All lines below between the line with "Boy-mechanic" and the line with "Future senator Mark", including both, must be copied exactly, and the pictures must be omitted.

Dataset —
================================

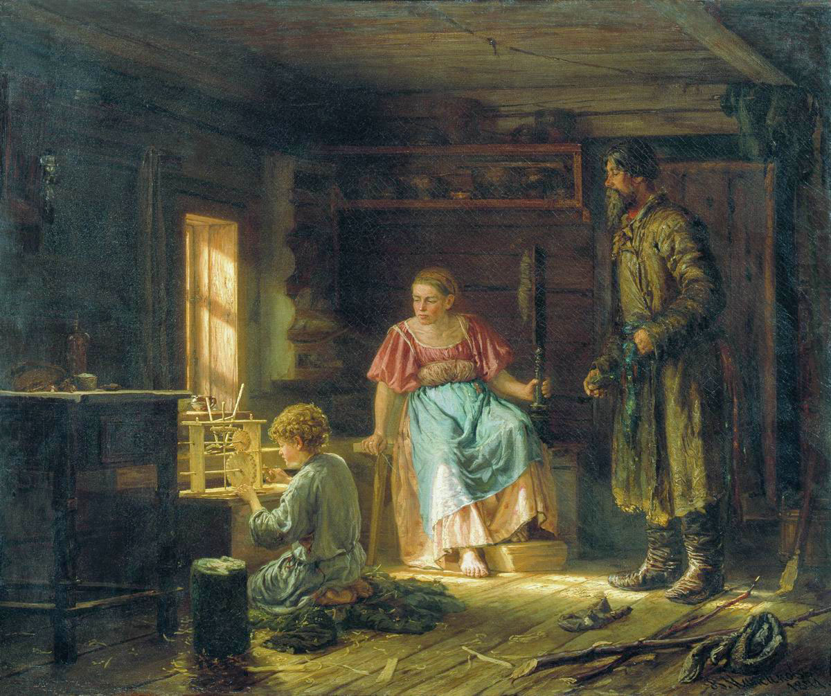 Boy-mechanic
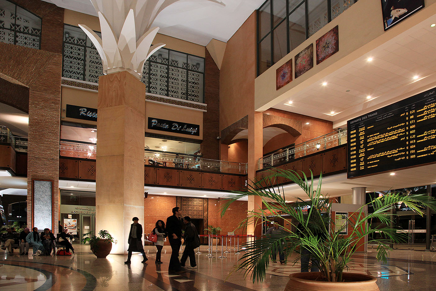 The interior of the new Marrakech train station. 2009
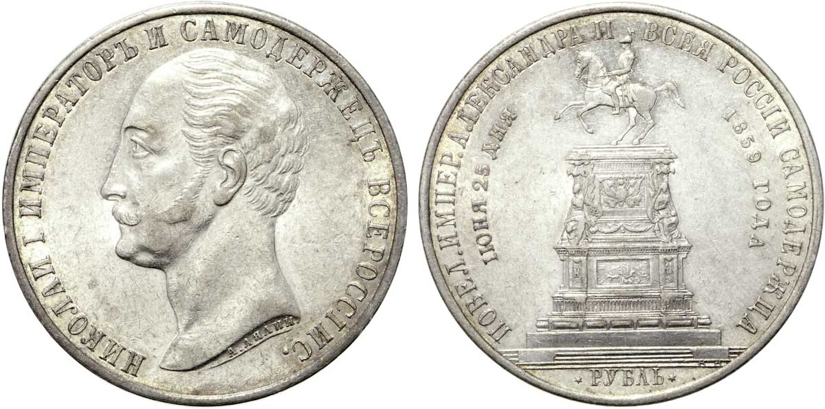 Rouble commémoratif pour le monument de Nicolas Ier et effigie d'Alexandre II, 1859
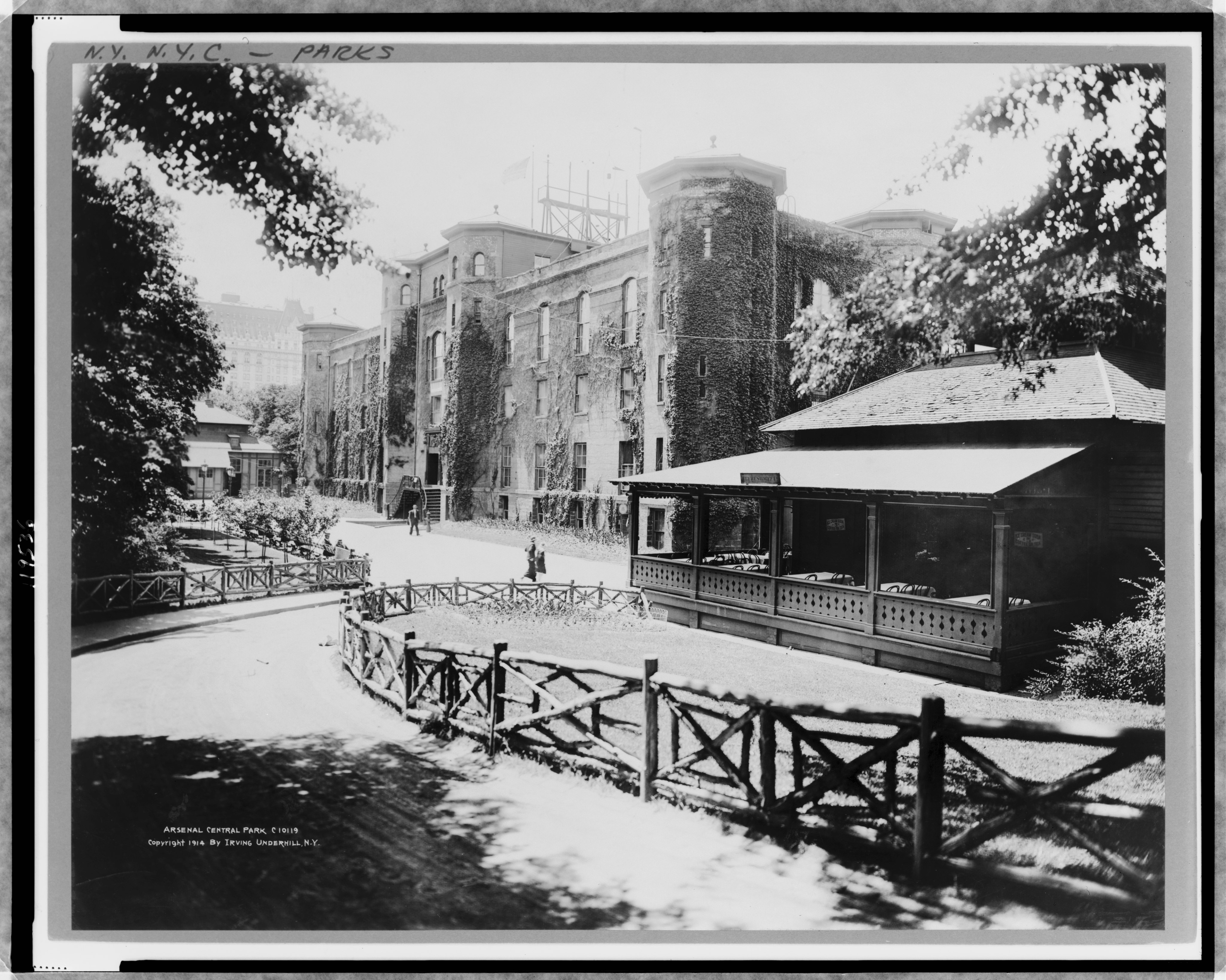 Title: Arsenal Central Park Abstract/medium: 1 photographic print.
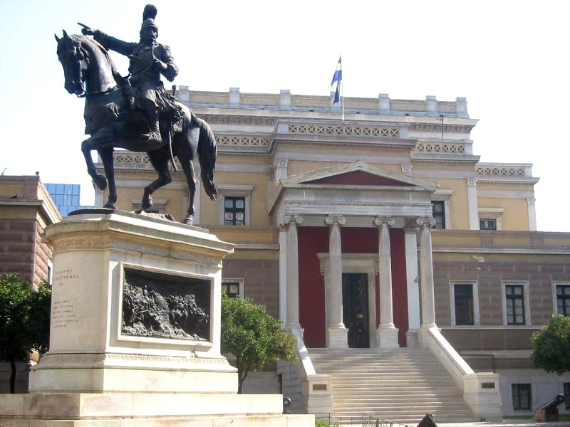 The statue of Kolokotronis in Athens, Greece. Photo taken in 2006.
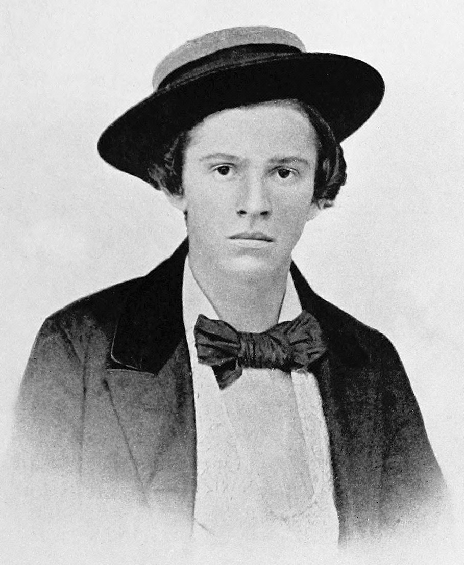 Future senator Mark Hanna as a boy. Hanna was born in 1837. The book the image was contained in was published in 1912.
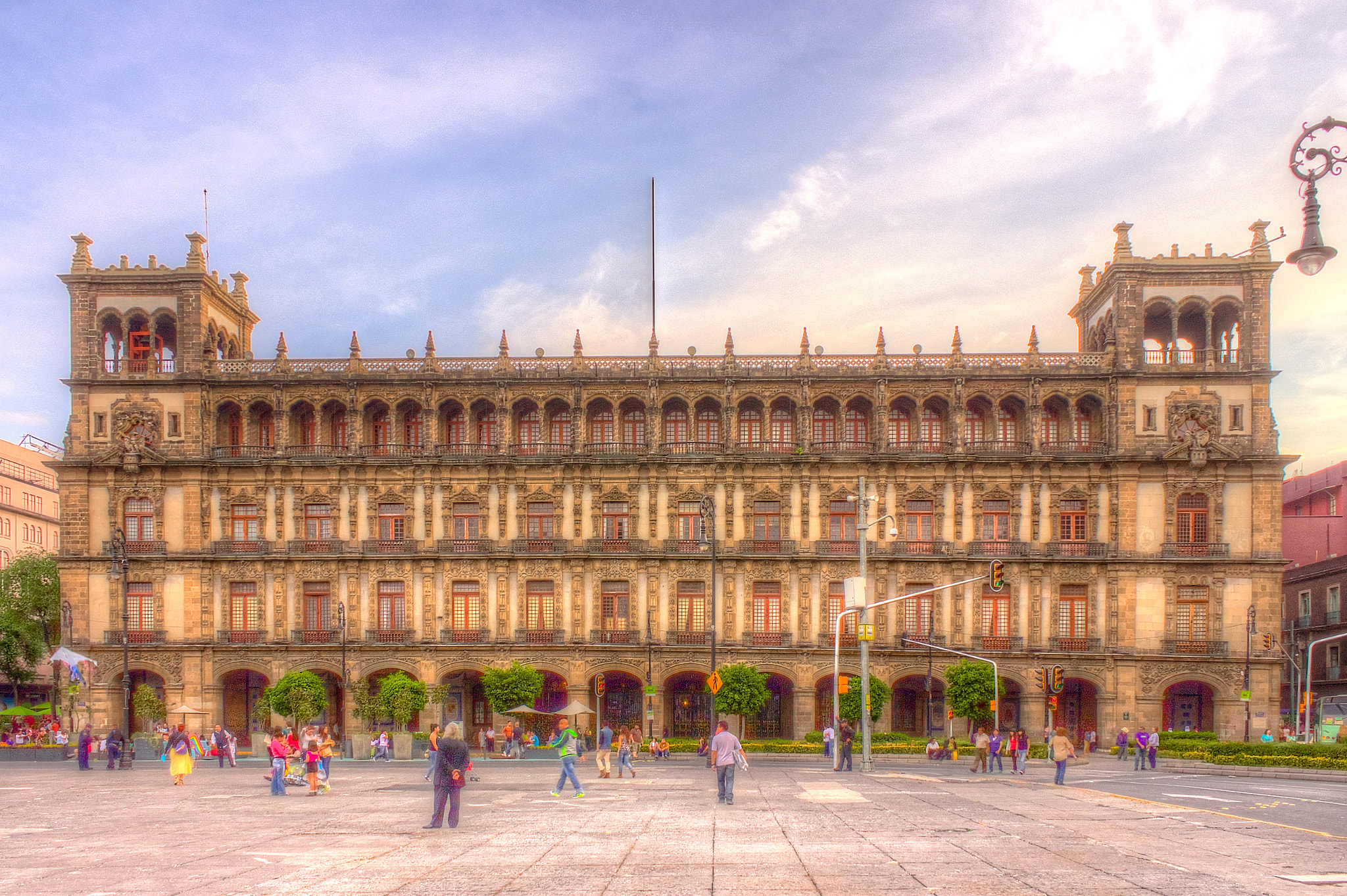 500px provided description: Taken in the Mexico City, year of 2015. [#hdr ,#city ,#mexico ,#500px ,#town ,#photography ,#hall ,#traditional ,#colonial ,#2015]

================================

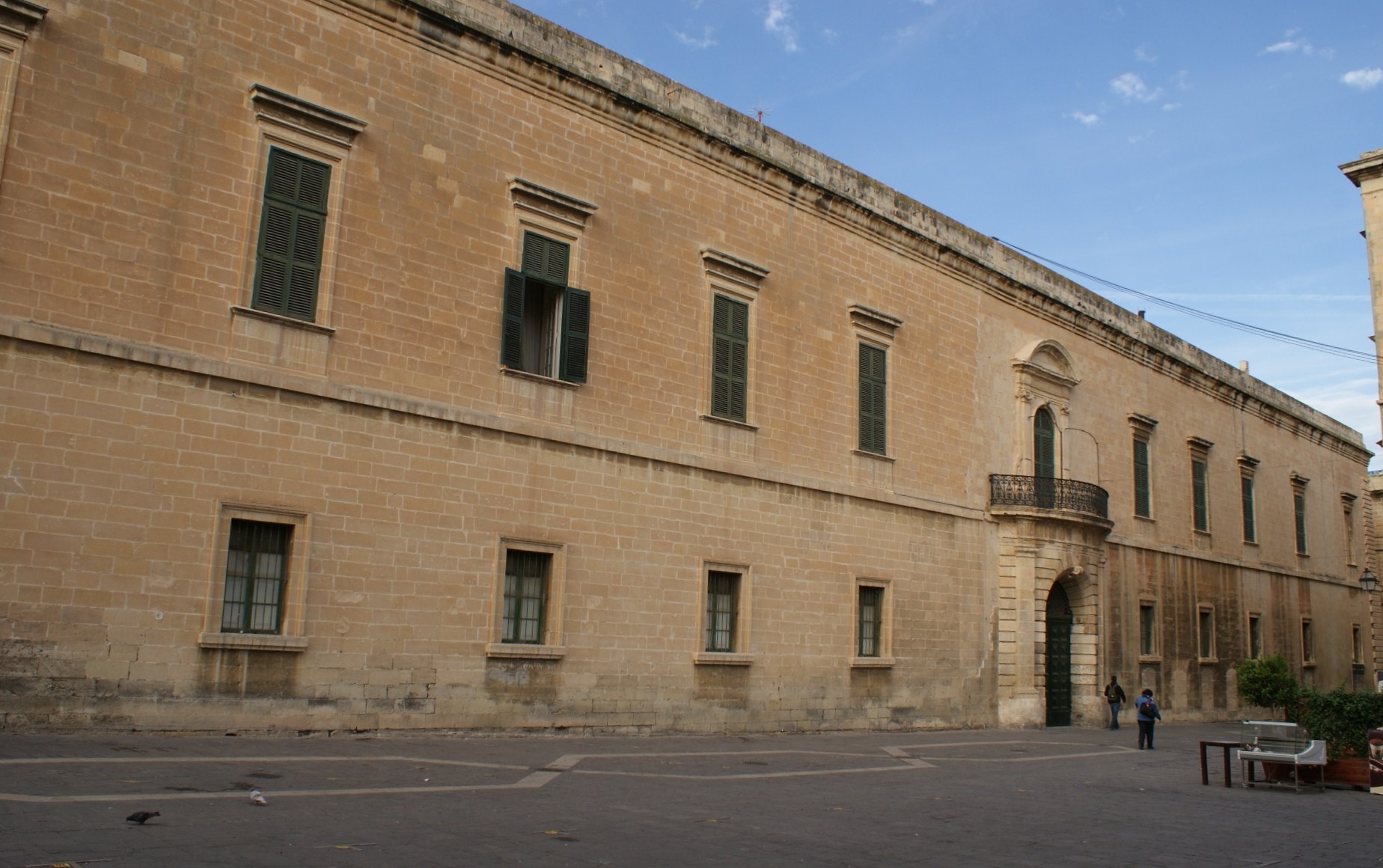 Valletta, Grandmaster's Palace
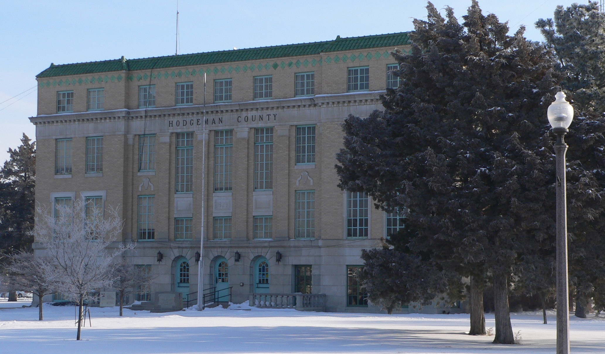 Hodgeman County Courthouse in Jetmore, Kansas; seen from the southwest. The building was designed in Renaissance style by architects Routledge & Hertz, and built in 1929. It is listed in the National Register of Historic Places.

================================

Result for this task —
 Boy-mechanic
 The interior of the new Marrakech train station. 2009
 Rouble commémoratif pour le monument de Nicolas Ier et effigie d'Alexandre II, 1859
 Title: Arsenal Central Park Abstract/medium: 1 photographic print.
 The statue of Kolokotronis in Athens, Greece. Photo taken in 2006.
 Future senator Mark Hanna as a boy. Hanna was born in 1837. The book the image was contained in was published in 1912.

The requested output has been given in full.